*** Data section ***

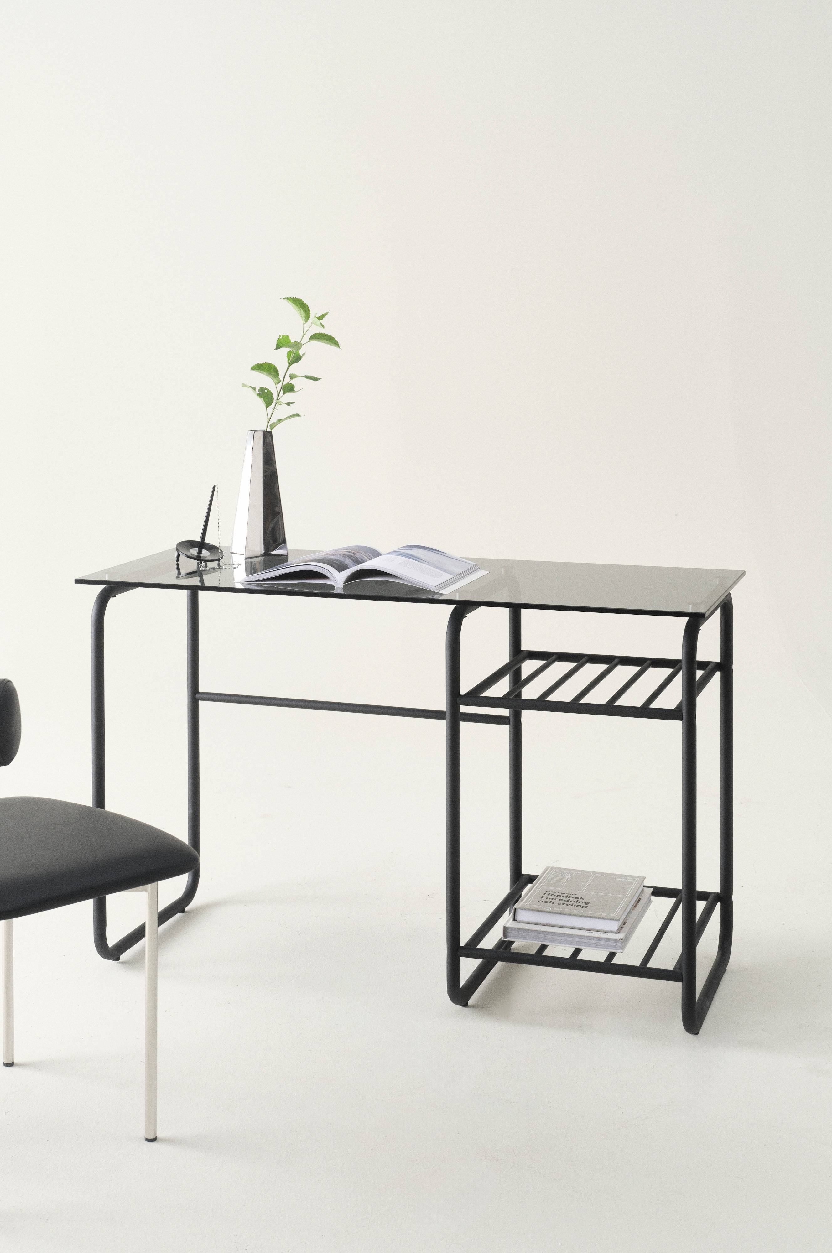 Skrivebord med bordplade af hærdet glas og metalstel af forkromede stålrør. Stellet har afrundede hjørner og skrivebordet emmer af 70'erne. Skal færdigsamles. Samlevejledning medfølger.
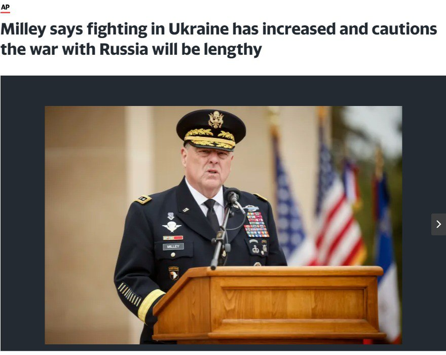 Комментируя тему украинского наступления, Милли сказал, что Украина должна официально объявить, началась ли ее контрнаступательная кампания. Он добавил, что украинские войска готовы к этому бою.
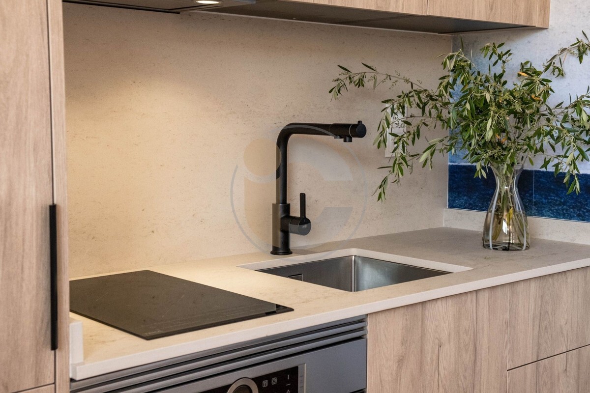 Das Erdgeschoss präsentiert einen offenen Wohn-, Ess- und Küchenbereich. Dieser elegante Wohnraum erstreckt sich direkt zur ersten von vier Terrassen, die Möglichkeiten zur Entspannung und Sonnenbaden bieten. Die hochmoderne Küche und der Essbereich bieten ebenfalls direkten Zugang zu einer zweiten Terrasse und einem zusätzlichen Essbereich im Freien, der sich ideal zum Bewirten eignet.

*** End of Data section ***

Prompt: Extract every line of the data exactly; pictures stay out.

Exercise output:
 Skrivebord med bordplade af hærdet glas og metalstel af forkromede stålrør. Stellet har afrundede hjørner og skrivebordet emmer af 70'erne. Skal færdigsamles. Samlevejledning medfølger.
 Комментируя тему украинского наступления, Милли сказал, что Украина должна официально объявить, началась ли ее контрнаступательная кампания. Он добавил, что украинские войска готовы к этому бою.
 Das Erdgeschoss präsentiert einen offenen Wohn-, Ess- und Küchenbereich. Dieser elegante Wohnraum erstreckt sich direkt zur ersten von vier Terrassen, die Möglichkeiten zur Entspannung und Sonnenbaden bieten. Die hochmoderne Küche und der Essbereich bieten ebenfalls direkten Zugang zu einer zweiten Terrasse und einem zusätzlichen Essbereich im Freien, der sich ideal zum Bewirten eignet.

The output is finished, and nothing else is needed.